In practice, this only happens for powers of two. So a programmer, Alex, may be confident that f / 2.0f will be compiled as if it had been f * 0.5f, but if it is acceptable for Alex to multiply by 0.10f instead of dividing by 10, Alex should express it by writing the multiplication in the program, or by using a compiler option such as GCC's -ffast-math.

This question is about transforming a single-precision division into a double-precision multiplication. Does it always produce the correctly rounded result? Is there a chance that it could be cheaper, and thus be an optimization that compilers might make (even without -ffast-math)?

I have compared (float)(f * 0.10) and f / 10.0f for all single-precision values of f between 1 and 2, without finding any counter-example. This should cover all divisions of normal floats producing a normal result.

Then I generalized the test to all divisors with the program below:

#include <float.h>
#include <math.h>
#include <stdio.h>

int main(void){
  for (float divisor = 1.0; divisor != 2.0; divisor = nextafterf(divisor, 2.0))
    {
      double factor = 1.0 / divisor; // double-precision inverse
      for (float f = 1.0; f != 2.0; f = nextafterf(f, 2.0))
        {
          float cr = f / divisor;
          float opt = f * factor; // double-precision multiplication
          if (cr != opt)
            printf("For divisor=%a, f=%a, f/divisor=%a but (float)(f*factor)=%a\n",
                   divisor, f, cr, opt);
        }
    }
}

The search space is just large enough to make this interesting (246). The program is currently running. Can someone tell me whether it will print something, perhaps with an explanation why or why not, before it has finished?


回答1:


Your program won't print anything, assuming round-ties-to-even rounding mode. The essence of the argument is as follows:

We're assuming that both f and divisor are between 1.0 and 2.0. So f = a / 2^23 and divisor = b / 2^23 for some integers a and b in the range [2^23, 2^24).
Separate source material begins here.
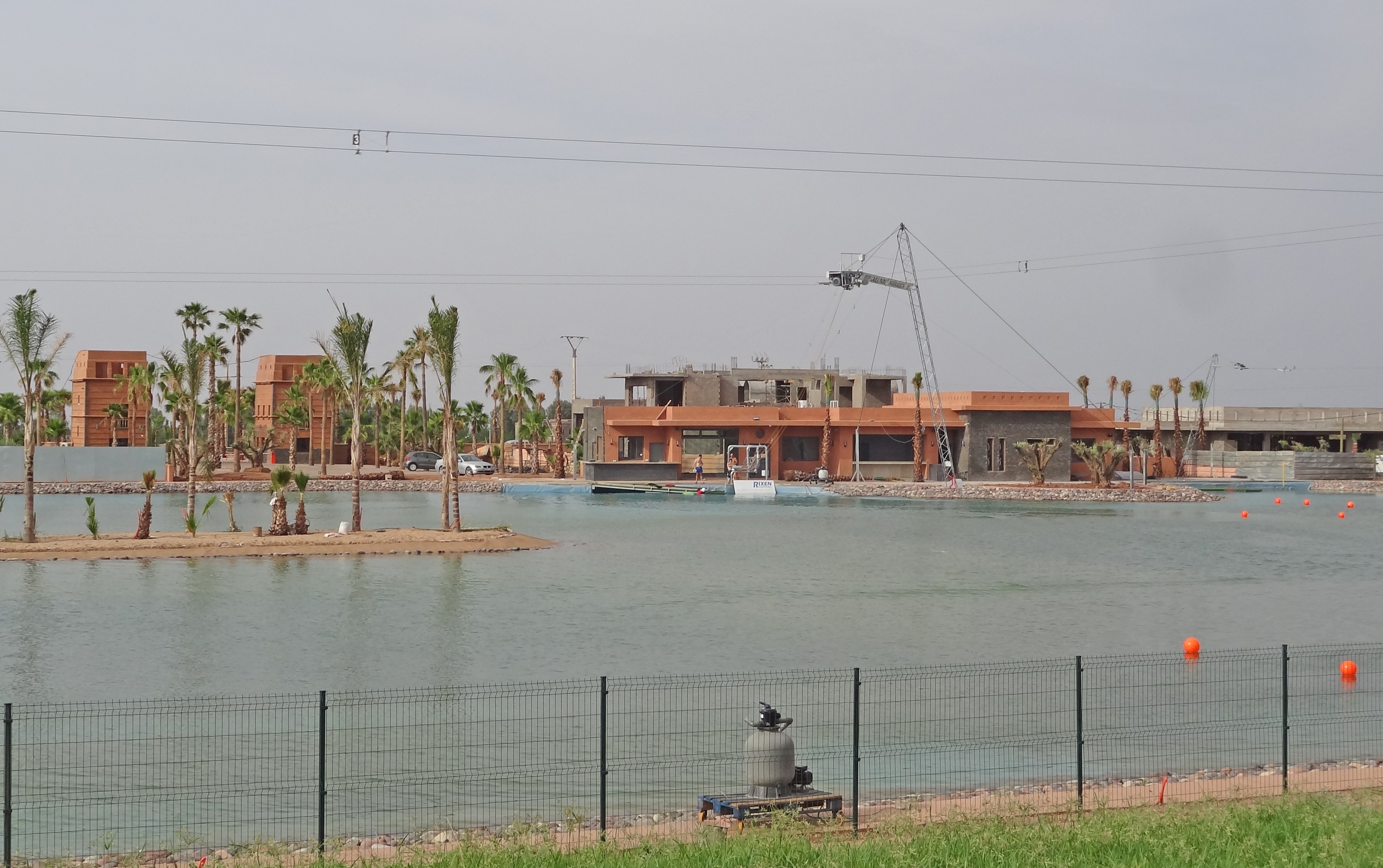 Met gepaste trots laat golfdirecteur Saad Naimi de contouren van zijn gloednieuwe Palm Golf Ourika zien. “Wat er ook gebeurt”, zo zegt hij hoopvol, “we gaan officieel open in september.” Dat is dan wel een jaar later dan gepland. Tijdens de rondleiding wordt duidelijk dat er tot die tijd nog veel werk moet worden verzet; van het storten van besteld zand in de bunkers en waste areas, het plaatsen van keien langs de oevers van de vijvers, tot de afwerking van de oefenfaciliteiten en de bouw van het clubhuis. Dit ambitieuze project, beheerd door de Troon-groep (tevens eigenaar van Palm Golf Club Marrakech, voorheen Palmeira), doet soms denken aan een stadium course waarbij de hele baan wordt omringd door luxe huizen en grote villa’s. In het park wordt overigens hard gewerkt aan een spectaculaire wakeboardvijver met een aangrenzende beachclub en zwembad. Grappig om te zien is dat sommige, speciaal uitgenodigde gasten al een oefenronde mogen spelen, terwijl de shovels nog midden op de fairway staan en de teeboxen nog moeten worden afgewerkt. Uit de gevarieerde lay-out van de baan en de zorg die naar het ouderhoud uitgaat, mag worden geconcludeerd dat dit een ware aanwinst voor golfstad Marrakech gaat worden. Leuk detail, Ourika kan alleen worden bespeeld met buggy. Er staan er inmiddels zestig opgesteld, alle voorzien van een werkend en state-of-the-art GPS-systeem voor afstandsbepaling, digitale scores en routing. Inclusief fraaie fly-overs voor iedere hole.

The case divisor = 1.0 isn't interesting, so we can further assume that b > 2^23.

The only way that (float)(f * (1.0 / divisor)) could give the wrong result would be for the exact value f / divisor to be so close to a halfway case (i.e., a number exactly halfway between two single-precision floats) that the accumulated errors in the expression f * (1.0 / divisor) push us to the other side of that halfway case from the true value.

But that can't happen. For simplicity, let's first assume that f >= divisor, so that the exact quotient is in [1.0, 2.0). Now any halfway case for single precision in the interval [1.0, 2.0) has the form c / 2^24 for some odd integer c with 2^24 < c < 2^25. The exact value of f / divisor is a / b, so the absolute value of the difference f / divisor - c / 2^24 is bounded below by 1 / (2^24 b), so is at least 1 / 2^48 (since b < 2^24). So we're more than 16 double-precision ulps away from any halfway case, and it should be easy to show that the error in the double precision computation can never exceed 16 ulps. (I haven't done the arithmetic, but I'd guess it's easy to show an upper bound of 3 ulps on the error.)

So f / divisor can't be close enough to a halfway case to create problems. Note that f / divisor can't be an exact halfway case, either: since c is odd, c and 2^24 are relatively prime, so the only way we could have c / 2^24 = a / b is if b is a multiple of 2^24. But b is in the range (2^23, 2^24), so that's not possible.

The case where f < divisor is similar: the halfway cases then have the form c / 2^25 and the analogous argument shows that abs(f / divisor - c / 2^25) is greater than 1 / 2^49, which again gives us a margin of 16 double-precision ulps to play with.




回答2:


It's certainly not possible if non-default rounding modes are possible. For example, in replacing 3.0f / 3.0f with 3.0f * C, a value of C less than the exact reciprocal would yield the wrong result in downward or toward-zero rounding modes, whereas a value of C greater than the exact reciprocal would yield the wrong result for upward rounding mode.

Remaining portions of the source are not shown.